После он умолкает, и остаток пути мы почти не разговариваем.
— Я буду встречать тебя в половине восьмого вечера, — обещает Эллиот, высаживая меня у вокзала через двадцать минут.
— Если меня задержат, я найду способ послать телеграмму на адрес твоей мастерской, — отвечаю я. — Пожалуйста, убеди Кэт, что со мной все в полном порядке.
— Постараюсь. Если потребуется, все объясню. — На прощание он приподнимает шляпу. Я поворачиваю на платформу и иду к поезду, который повезет меня в разрушенный Сан-Франциско, в ту жизнь, которую я пыталась создать для себя в этом городе.
Глава 25
Если после землетрясения мы выбирались из города в течение нескольких часов, то теперь, когда вокзал Южно-Тихоокеанской железной дороги на Таунсенд-стрит снова работает, возвращение в Сан-Франциско занимает менее часа. Я ступаю на улицы, очищенные от сгоревших зданий. Я помню, что буквально в первые несколько часов после того, как Белинда разрешилась от бремени, адское пламя, выжегшее район к югу от Мишн-стрит, распространилось на север и там соединилось с другим пожаром. Самые страшные ожоги, что мы видели в павильоне, были получены в огне, спалившем эти кварталы. Трудно представить, как выглядел этот район прежде; теперь от городских сооружений мало что осталось. Кругом только ободранные плиты, покореженные куски обугленного металла и приплюснутые кучи пепла. Мужчины и женщины с лопатами и тележками вывозят мусор. На некоторых расчищенных участках уже лежат бревна, из которых начинают возводить новые строения.

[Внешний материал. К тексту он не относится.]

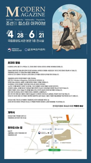 K-컬처의 눈부신 즐기기 시작되는 곳, 근대의 문화가 피어난 잡지의 세계가 열린다.오늘날 대한민국은 영화 문학 등 많은 분야에서 세계인의 마음을 사로잡으며 가장 뜨거운 문화의 중심에 서 있다. 국립중앙도서관은 이 거대한 문화흐름의 원류를 찾아, 100여년 전 이 땅에서 가장 앞서 나갔던 문화 선구자들의 문장과 감각을 한데 모은다.국립중앙도서관과 한국잡지협회가 공동 주최하는 이번 전시 <Modern Magazine, 조선의 힙스터 아카이브>는 척박한 현실 속에서도 새로운 시대를 꿈꿨던 이들의 기록을 조명한다.이국땅에서 고국의 미래를 그리며 펴낸 우리나라 최초의 잡지부터L ‘소년’의 기개를 떨쳤던 ‘신문관’의 잡지들, 그리고 암울한 시대의 등불이 되어준 잡지까지, 근대잡지 속에는 시대를 앞서간 ‘모던보이’들의 문학적 고뇌와 ‘신여성’들의 당당한 목소리가 담겨 있다. 이들의 치열한 시도는 오늘날 전세계를 열광시키는 한국적 감성의 단단한 밑거름이 되었다.특히 이번 전시에서는 잡지가 어떻게 태어나 대중에게 스며들였는지, 잡지 한 장 한 장에 담긴 열망이 어떻게 오늘날의 ‘K-문화’로 이어지는지, 살펴보는 뜻깊은 자리가 될 것이다.100년 전 조선의 문화 선구자들이 제안했던 열정적인 삶의 모습과 그들의 치열한 예술활동을 직접 확인할 수 있는 기회를 제공한다.2026년 4월 27일 따스한 봄볕이 국립중앙도서관의 바람길을 채우는 날, 근대의 향기와 현대의 자부심이 만나는 이 특별한 축제에 소중한 발걸음들을 기대한다.개막식/2026년 4월 27일(월) 오후 2시 국립중아도서관 본관 1층 전시실주소/서울특별시 서초구 반포대로 201 국립도서관

Табличек с названиями улиц нет, и мне приходится спрашивать, в какой стороне я найду кварталы близ Рашн-Хилл. Какой-то мужчина в рабочем комбинезоне проникается ко мне жалостью, когда я говорю ему, что приехала посмотреть на руины своего дома. Он предлагает подвезти меня на своей телеге до Юнион-сквер. Это даже не полпути — оттуда, чтобы добраться до моего дома, нужно пройти с десяток кварталов на север, а потом еще столько же на запад, — но я принимаю его предложение. Что такое двадцать кварталов, если перед тобой стоит цель?
Кобыла — измученное существо, все ребра наружу — трогается с места, идет медленным шагом. Мужчина, заметив, что я с жалостью смотрю на животное, объясняет:
— Лошадей гоняют в хвост и гриву. Они все так выглядят. Некоторые еще хуже. Ничего не поделаешь. Завалы-то расчищать надо.
Повозка катит через разрушенные районы к югу от Маркет-стрит и, миновав десять сгоревших кварталов, прибывает на Юнион-сквер. От площади мало что осталось. То, что еще несколько месяцев назад было знакомо, превратилось в неузнаваемый ландшафт. В центре по-прежнему стоит памятник Джорджу Дьюи — доблестному адмиралу времен Испано-американской войны[6]. Высокий обелиск венчает статуя грациозной богини победы. В остальном я почти ничего не узнаю. У подножия памятника — гостиница, наспех сооруженная под сенью ее раненого родителя — громадного, но сильно пострадавшего отеля «Сент-Фрэнсис». Вокруг нее пожухлая трава и сажа; сажа здесь везде, на что ни упадет взгляд.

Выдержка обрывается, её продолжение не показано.